Re: Inval reliability, especially for inplace updates

Поиск
Список
Период
Сортировка
От Paul A Jungwirth
Тема Re: Inval reliability, especially for inplace updates
Дата
Msg-id CA+renyWSo3WigOO68ydGCQmDdZGLvXFGP3mLGo03XN09AKtDig@mail.gmail.com
обсуждение исходный текст
Ответ на Re: Inval reliability, especially for inplace updates  (Paul A Jungwirth <pj@illuminatedcomputing.com>)
Список pgsql-hackers
On Thu, Jul 31, 2025 at 9:53 AM Paul A Jungwirth
<pj@illuminatedcomputing.com> wrote:
> On Thu, Oct 31, 2024 at 09:20:52PM -0700, Noah Misch wrote:
> > Here, one of the autovacuum workers had the guilty stack trace, appearing at
> > the end of this message.  heap_inplace_update_and_unlock() calls
> > CacheInvalidateHeapTupleInplace() while holding BUFFER_LOCK_EXCLUSIVE on a
> > buffer of pg_class.  CacheInvalidateHeapTupleInplace() may call
> > CatalogCacheInitializeCache(), which opens the cache's rel.  If there's not a
> > valid relcache entry for the catcache's rel, we scan pg_class to make a valid
> > relcache entry.  The ensuing hang makes sense.
>
> Personally I never expected that catcache could depend on relcache,
> since it seems lower-level. But it makes sense that you need a
> relcache of pg_class at least, so their relationship is more
> complicated than just layers.
>
> I'm struggling to understand how your explanation incorporates
> *concurrency*, since a self-deadlock only involves locks from one
> backend. But the point is that a concurrent invalidation causes the
> relcache entry to vanish, so that we need to rebuild it. (We can't get
> this far without having built the relcache for pg_class once already.)
>
> Specifically, we drop the table while autovacuum is updating its
> statistics. But how is that possible? Don't both those things
> exclusive-lock the row in pg_class? I must be misunderstanding.

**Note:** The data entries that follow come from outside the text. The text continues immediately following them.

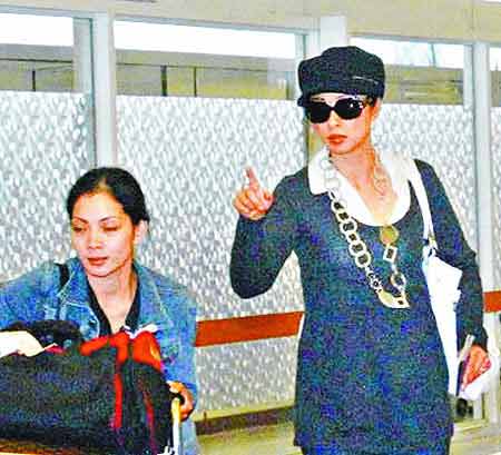 葉倩文(右)前天來臺,在機場指揮助理搬運行李。
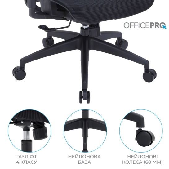 Кресло установлено на крепкой нейлоновой базе с колесами размером 60 мм, что обеспечивает стабильность и плавность перемещения. Officepro Wave – идеальный выбор для тех, кто ценит комфорт, качество и современный дизайн.
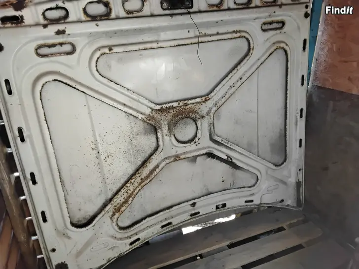 Volvo 244 konepelti jonkin verran ruostetta, mutta ei lommoja
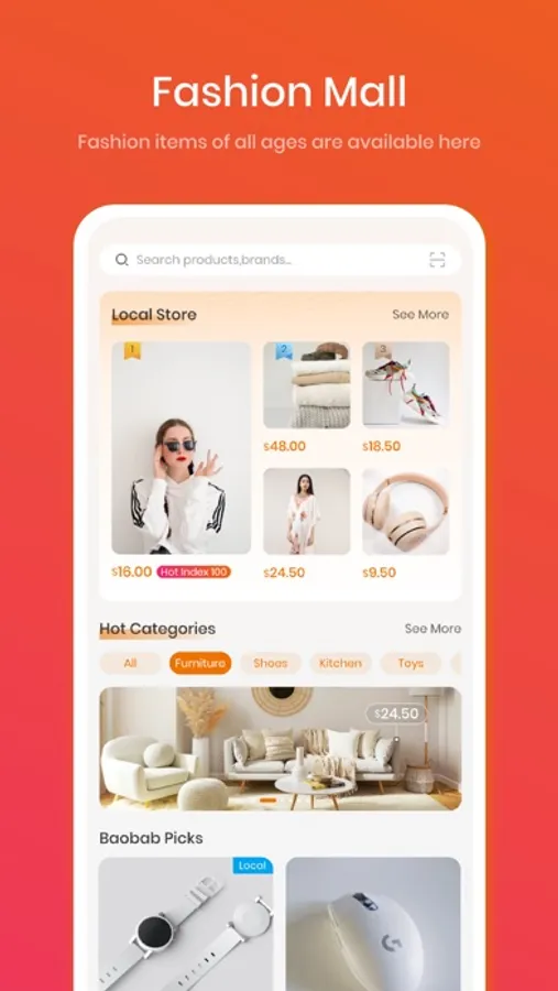 At Baobabmall, we prioritize user experience and strive to create a seamless and intuitive interface. Our app is designed to be user-friendly, allowing you to easily browse through our extensive product catalog, read detailed descriptions, and view high-resolution images. With our advanced search and filtering options, you can quickly find exactly what you're looking for.
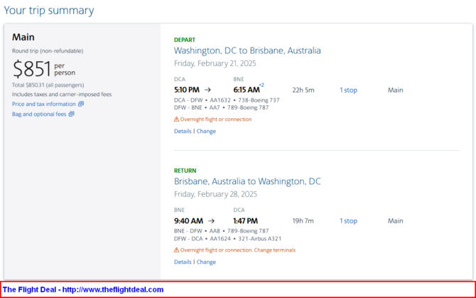 DCA – DFW (Dallas) – BNE (Brisbane) – DFW – DCA

I was curious so I decided to look into this some more. We have a
self-deadlock, but it's rare. Concurrency is necessary to trigger it.
The patch fixes the double-locking, but what was the sequence that
caused the problem?

The only thing reproi.sh does is add & drop tables over and over.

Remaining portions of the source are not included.